----- Supplied material
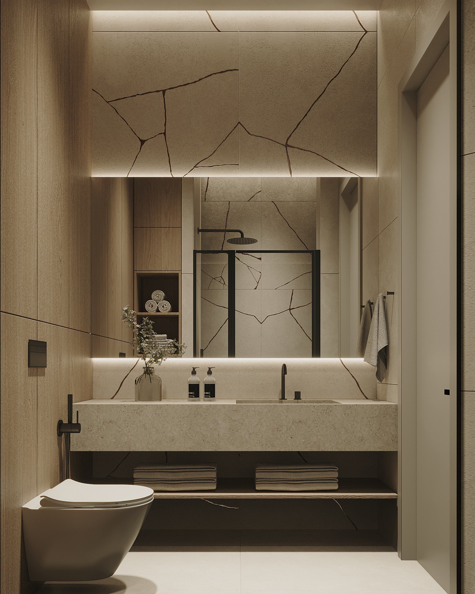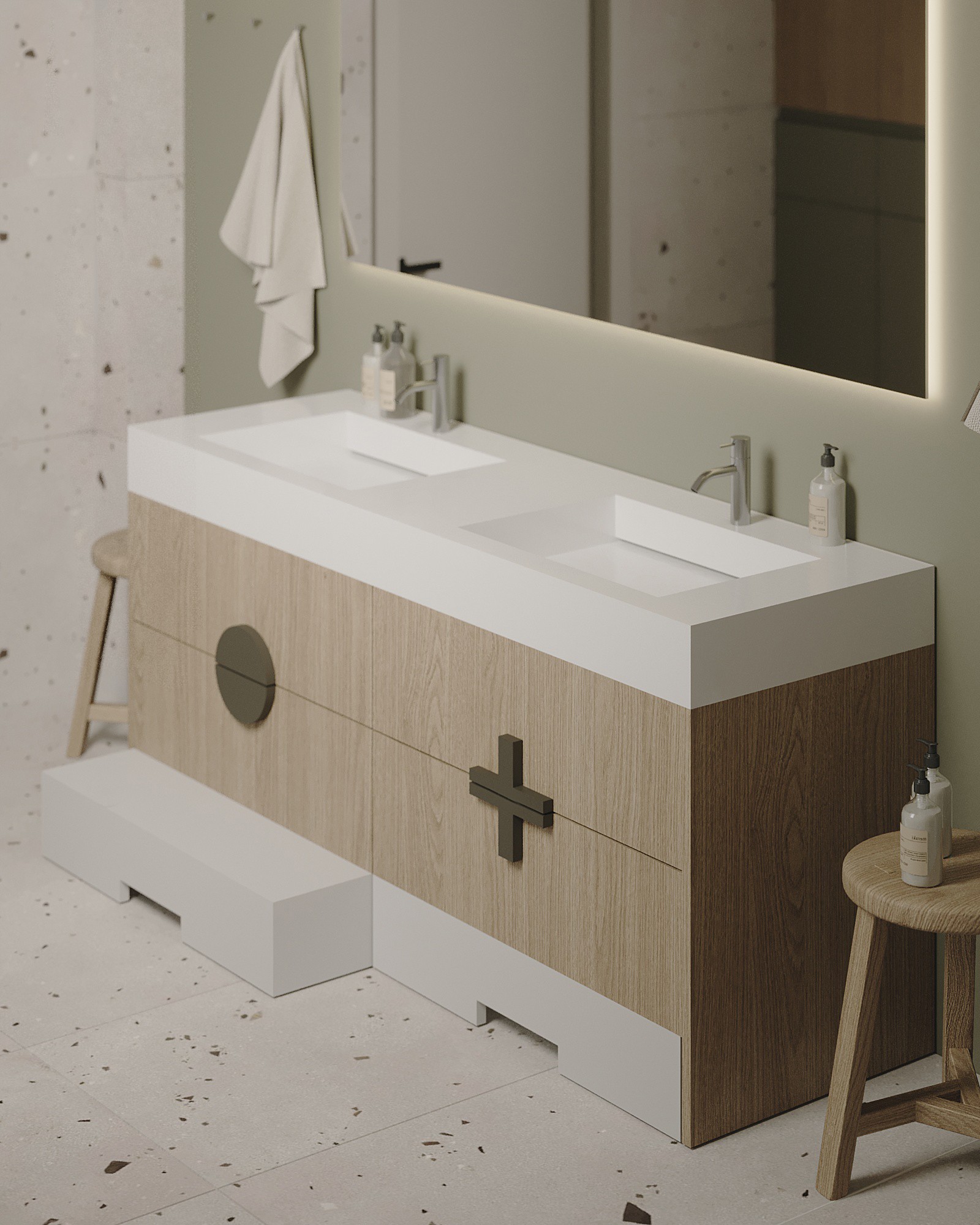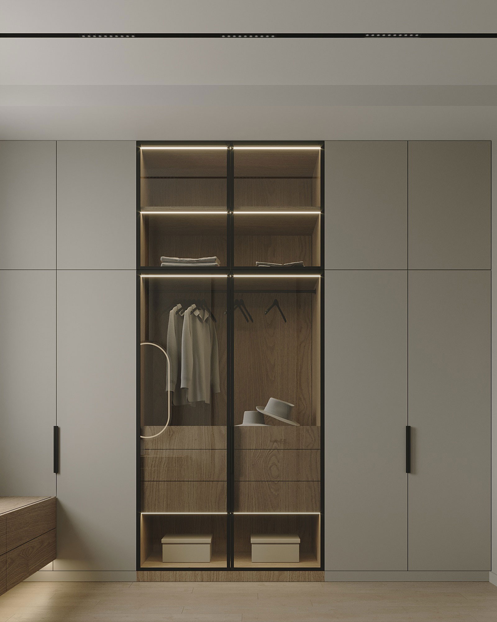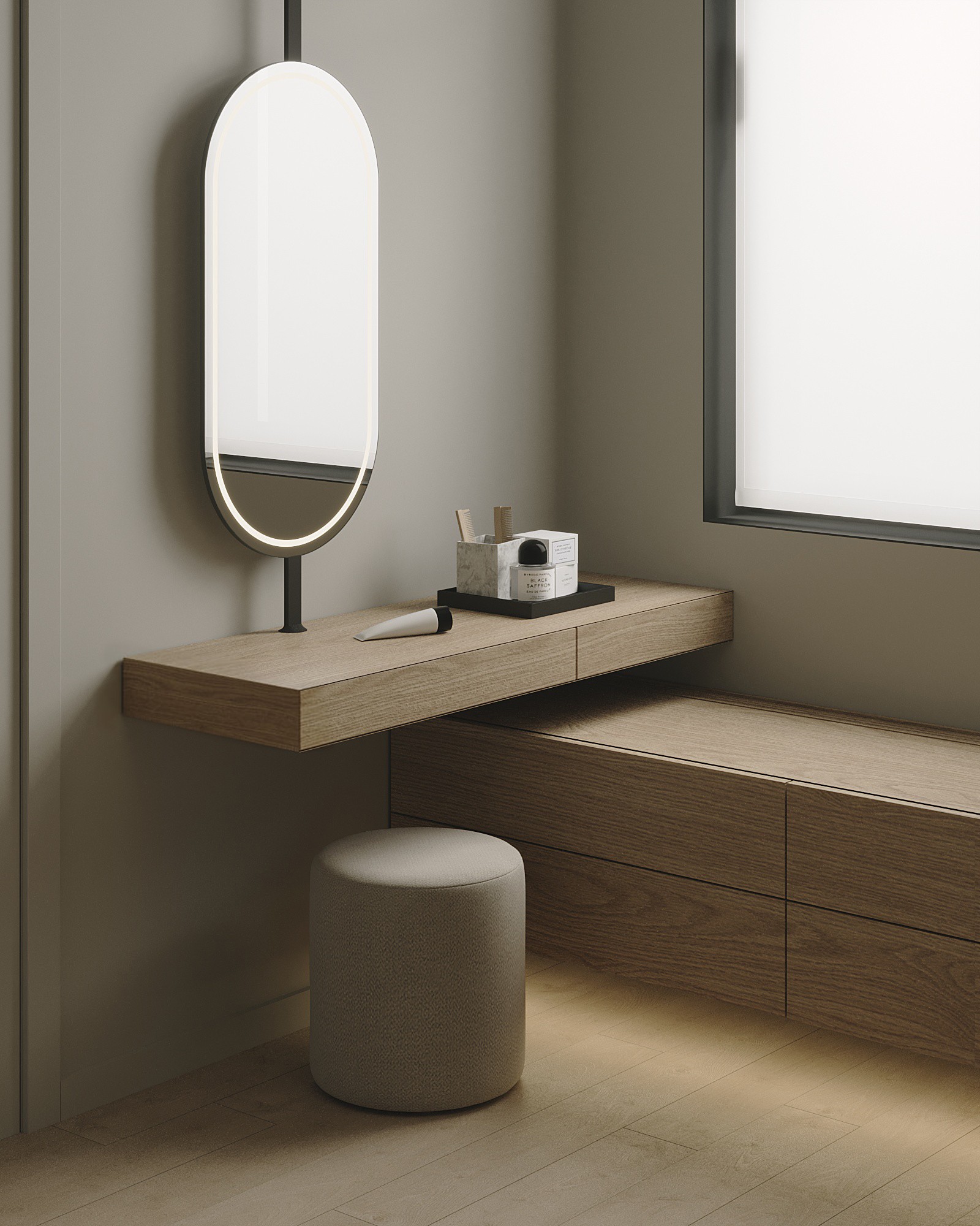Мы стремились создать единое лаконичное пространство, поэтому главной идеей был один оттенок стен для всех помещений, это позволило соединить всё пространство между собой в единую композицию.
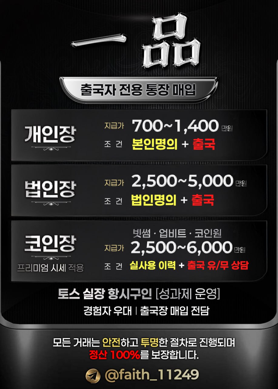 일품장집 출국전용 계좌매입
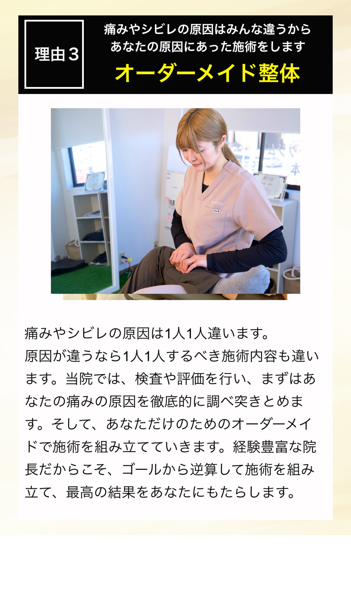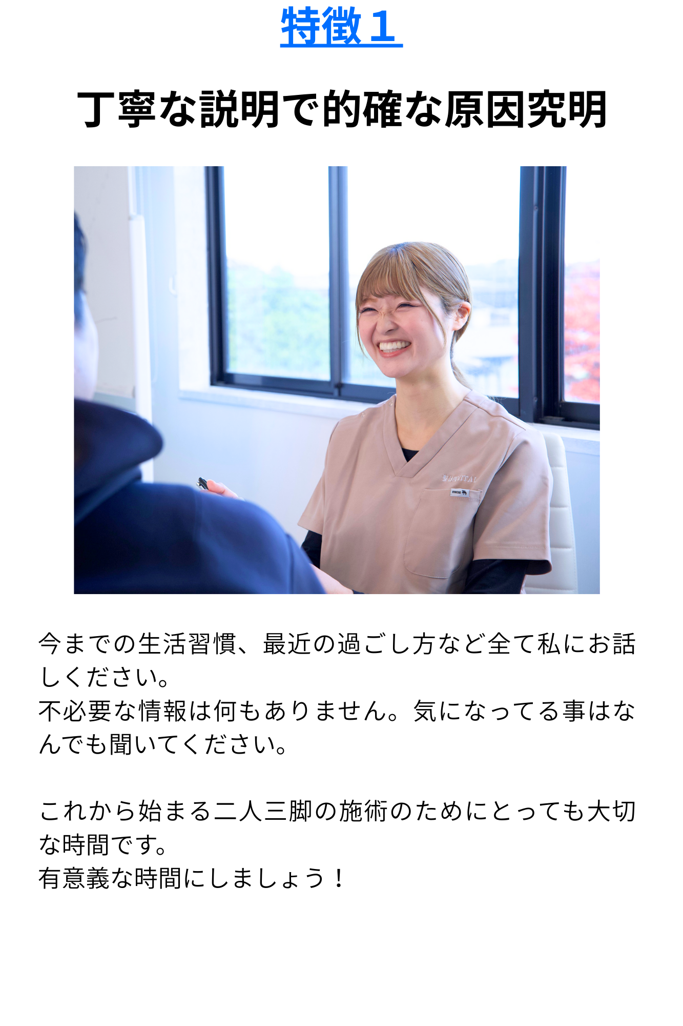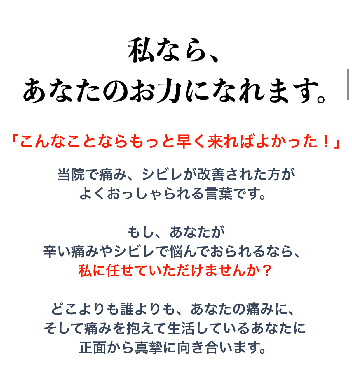 2つ目は、初回の施術を試していただければ、根本的に「改善できるんじゃないか」とあなたに可能性を感じてもらえると自信があるからです。
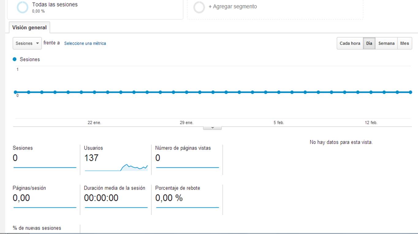 kromagency Posted February 16, 2016 Author Share Posted February 16, 2016 Buenas tardes, si haber eso es lo que hemos hecho en todo el proceso y no recoge datos,solo muestra usuarios. Muestro pantallazo de analytics. el modulo no funciona porque sale el código en la etiqueta <body> pensamos y necesita estar en el <head> Link to comment Share on other sites More sharing options...
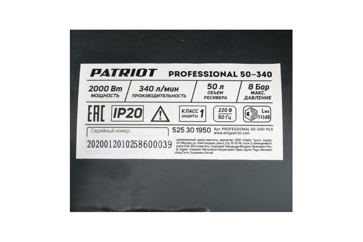 Компрессор PATRIOT Professional 50-340 поршн.масл, 340л/мин, 8бар, 2кВт, 50л, быстросъем 1/4''+елоч
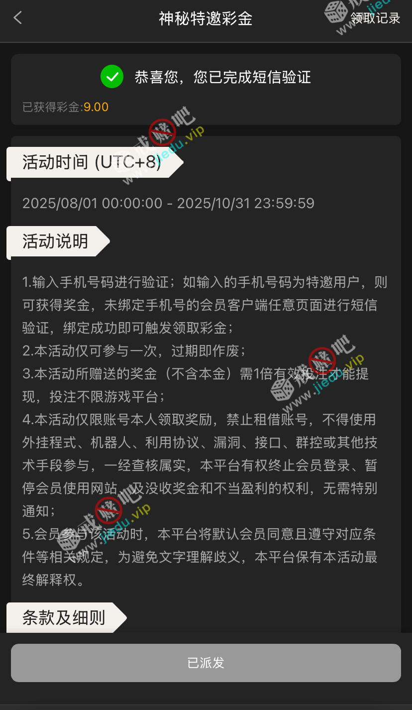到账情况: 白嫖即可(勿充值)
----------
:: Action item ::
The answer must consist only of the lines from the beginning of the entries above through the line that holds "2つ目は、初回の施術を試して", reproduced exactly and without pictures.

:: Result of the exercise ::
Мы стремились создать единое лаконичное пространство, поэтому главной идеей был один оттенок стен для всех помещений, это позволило соединить всё пространство между собой в единую композицию.
 일품장집 출국전용 계좌매입
 2つ目は、初回の施術を試していただければ、根本的に「改善できるんじゃないか」とあなたに可能性を感じてもらえると自信があるからです。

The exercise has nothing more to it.